T1 substaging is recommended in the current EAU guidelines, but the ideal method to determine T1 substaging remains unknown2. Recently, metric substaging (limited vs. extensive lamina propria invasion) was compared to T1 substaging according to muscularis mucosae invasion in 601 patients with pT1 NMIC7. In this multicenter retrospective study, only metric substaging was associated with worse PFS and CSS 7. Muscularis mucosae was not detected in 22% of the specimens, limiting substaging using this method7. Previously, Bertz et al. showed that metric substaging is better than using muscularis mucosae invasion8. In our study, tumor budding correlated with tumor invasion in a statistically significant manner, and it was the only parameter that showed significant differences regarding RFS, PFS and CSS and was independent of the resection depth.

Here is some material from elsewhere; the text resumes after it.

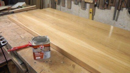 Результат использования водного лака на дубовой столешнице

The specimens used in the study were mainly from fractioned TURB samples, and smaller tumors were resected en bloc. En bloc TURB has been shown to be associated with improved pathological and oncological outcomes23. En bloc resection might improve the substaging of T1 NMIBC and the assessment of tumor budding. Tumor budding in the fractioned specimens was easy to assess. However, it would be worth investigating this in a prospective setting with documented resection techniques.

Furthermore, in the present study, tumor budding assessment identified a subgroup of highest-risk patients with pT1G3 tumors with worse RFS and CSS. Moreover, in those patients treated with BCG instillations, the absence of tumor budding was associated with an excellent response to this treatment with no progression and no patient dying from the disease. Thus, tumor budding could be used to stratify patients into BCG instillation therapy (no tumor budding) and early cystectomy (presence of tumor budding) at the initial diagnosis of stage pT1 NMIBC. As BCG shortage has been a problem in routine practice from time to time24 and due to its toxic side effects leading to discontinuation of BCG, this stratification would help identify those patients who would benefit this treatment. Furthermore, it has been shown that patients with high-risk NMIBC who suffer from progression to MIBC show worse survival than patients25, highlighting the need to identify those patients at initial diagnosis. However, the high morbidity and 90-day mortality of up to 9% of radical cystectomy have to be taken into account26.

Limitations

Data assessment was performed in a retrospective single-center setting with a small sample size. Therefore, a multicenter and prospective study with a larger cohort is essential, especially for addressing further questions such as the impact of the TURB resection technique (fractioned vs. en bloc) on the outcome and assessment of substaging and tumor budding. Furthermore, evaluation of tumor budding might be prone to interobserver variability, which should be evaluated in a multicenter setting.

Conclusions

Tumor budding is associated with more aggressive and invasive tumors in stage pT1 NMIBC and is associated with worse outcomes in those patients. Furthermore, a lack of tumor budding predicts the response to BCG treatment. Following validation in a large multicenter prospective cohort, the implementation of this easy-to-assess parameter could help stratify pT1 patients into those who should receive BCG instillation therapy and those who should be followed up more intensely or should receive early cystectomy.